**TASK:**
Repeat the lines below exactly as written, please, from the line with "Full  graphic kits" to the line with "Gobles news. Vol. 37 no. 7 (1926 November 4)", both lines included, and no others.

GIVEN RECORDS START

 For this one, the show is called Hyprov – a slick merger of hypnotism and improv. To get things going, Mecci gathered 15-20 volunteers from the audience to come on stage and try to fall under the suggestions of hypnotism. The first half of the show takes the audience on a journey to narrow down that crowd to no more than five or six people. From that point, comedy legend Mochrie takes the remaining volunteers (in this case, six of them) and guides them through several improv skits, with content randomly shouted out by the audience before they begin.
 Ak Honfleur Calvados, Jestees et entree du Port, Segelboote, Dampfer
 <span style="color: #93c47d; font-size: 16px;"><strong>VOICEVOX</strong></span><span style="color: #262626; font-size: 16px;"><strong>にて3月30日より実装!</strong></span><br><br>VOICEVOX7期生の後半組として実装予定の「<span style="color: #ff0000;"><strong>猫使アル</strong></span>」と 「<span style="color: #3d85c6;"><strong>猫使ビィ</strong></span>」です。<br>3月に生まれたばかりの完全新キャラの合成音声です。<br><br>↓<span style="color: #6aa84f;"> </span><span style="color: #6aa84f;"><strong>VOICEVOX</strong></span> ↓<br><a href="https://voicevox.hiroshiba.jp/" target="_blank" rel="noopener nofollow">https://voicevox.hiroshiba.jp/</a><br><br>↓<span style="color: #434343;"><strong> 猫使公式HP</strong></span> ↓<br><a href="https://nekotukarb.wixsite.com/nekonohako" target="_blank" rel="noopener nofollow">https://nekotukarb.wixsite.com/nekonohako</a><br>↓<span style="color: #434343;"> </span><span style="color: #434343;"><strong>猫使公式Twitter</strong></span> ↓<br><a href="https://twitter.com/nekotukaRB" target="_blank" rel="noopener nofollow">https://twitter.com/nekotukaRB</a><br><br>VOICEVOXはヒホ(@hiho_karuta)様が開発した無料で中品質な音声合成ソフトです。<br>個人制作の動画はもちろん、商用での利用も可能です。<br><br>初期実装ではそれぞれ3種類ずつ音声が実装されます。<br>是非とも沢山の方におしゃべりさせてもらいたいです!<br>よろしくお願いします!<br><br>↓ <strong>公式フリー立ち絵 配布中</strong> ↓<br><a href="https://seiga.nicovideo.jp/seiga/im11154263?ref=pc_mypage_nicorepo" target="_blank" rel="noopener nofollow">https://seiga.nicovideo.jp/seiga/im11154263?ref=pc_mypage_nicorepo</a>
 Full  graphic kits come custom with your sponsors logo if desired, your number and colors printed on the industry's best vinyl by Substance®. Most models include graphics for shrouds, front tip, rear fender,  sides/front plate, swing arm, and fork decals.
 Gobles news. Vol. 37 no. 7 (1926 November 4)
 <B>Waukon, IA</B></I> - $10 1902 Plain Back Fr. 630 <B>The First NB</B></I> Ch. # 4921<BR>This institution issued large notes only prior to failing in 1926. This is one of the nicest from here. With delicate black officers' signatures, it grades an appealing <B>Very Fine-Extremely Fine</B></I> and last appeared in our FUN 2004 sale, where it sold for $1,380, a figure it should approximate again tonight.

GIVEN RECORDS END

**ANSWER FOR THE TASK:**
 Full  graphic kits come custom with your sponsors logo if desired, your number and colors printed on the industry's best vinyl by Substance®. Most models include graphics for shrouds, front tip, rear fender,  sides/front plate, swing arm, and fork decals.
 Gobles news. Vol. 37 no. 7 (1926 November 4)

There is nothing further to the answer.